Émile Zola

Émile Zola

French · 1840 to 1902

Born Émile Édouard Charles Antoine Zola on April 2, 1840, in Paris to a Venetian-born engineer who designed the Zola Dam at Aix-en-Provence and a French mother, he lost his father at seven and was raised on a meagre pension in Provence, where he formed a lifelong friendship with the young Paul Cézanne. Returning to Paris, he failed his baccalauréat twice, worked as a clerk in a shipping firm, and joined the publisher Hachette, where he wrote literary and political journalism that did not hide his contempt for Napoleon III. Hachette dismissed him after the sordid autobiographical novel La Confession de Claude (1865) drew police attention. Thérèse Raquin (1867), a grim study of adultery and remorse, announced naturalism in the French novel. From 1871 he gave himself to Les Rougon-Macquart, a twenty-volume natural and social history of a family under the Second Empire, traced from peasant Plassans into mine, market, brothel, and battlefield. L'Assommoir (1877) made him wealthy. Nana (1880), Germinal (1885), and La Bête humaine (1890) followed.
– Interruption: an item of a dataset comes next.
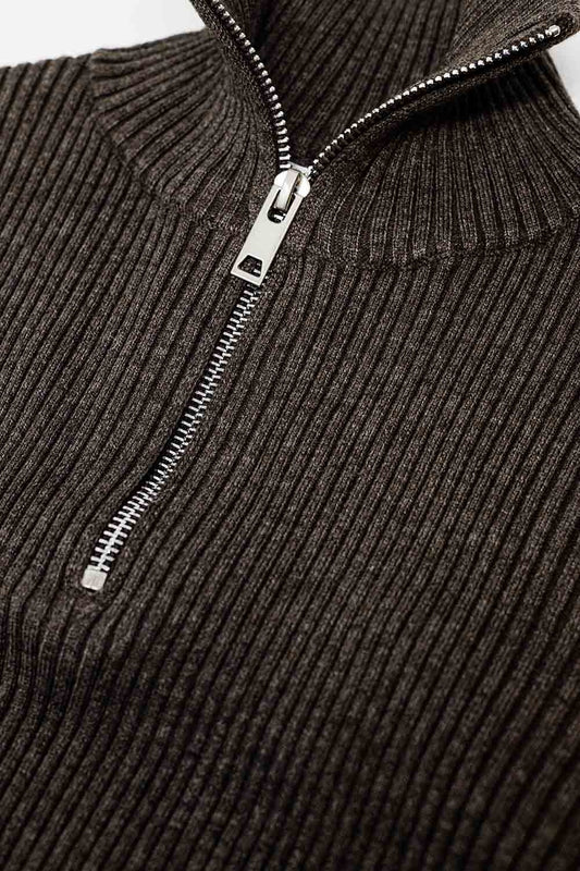 Maglione grigio senza maniche a collo alto con chiusura a zip

He wrote every day for thirty years under the motto nulla dies sine linea, no day without a line. On January 13, 1898, he published J'accuse on the front page of L'Aurore, his open letter to the President of the Republic exposing the army's frame-up of the Jewish officer Alfred Dreyfus. He was convicted of libel and fled to a year in England. He died at home in Paris on the night of September 28, 1902, asphyxiated by a blocked chimney, aged sixty-two. The roofer responsible, decades later, confessed to a friend that he had done it for the army.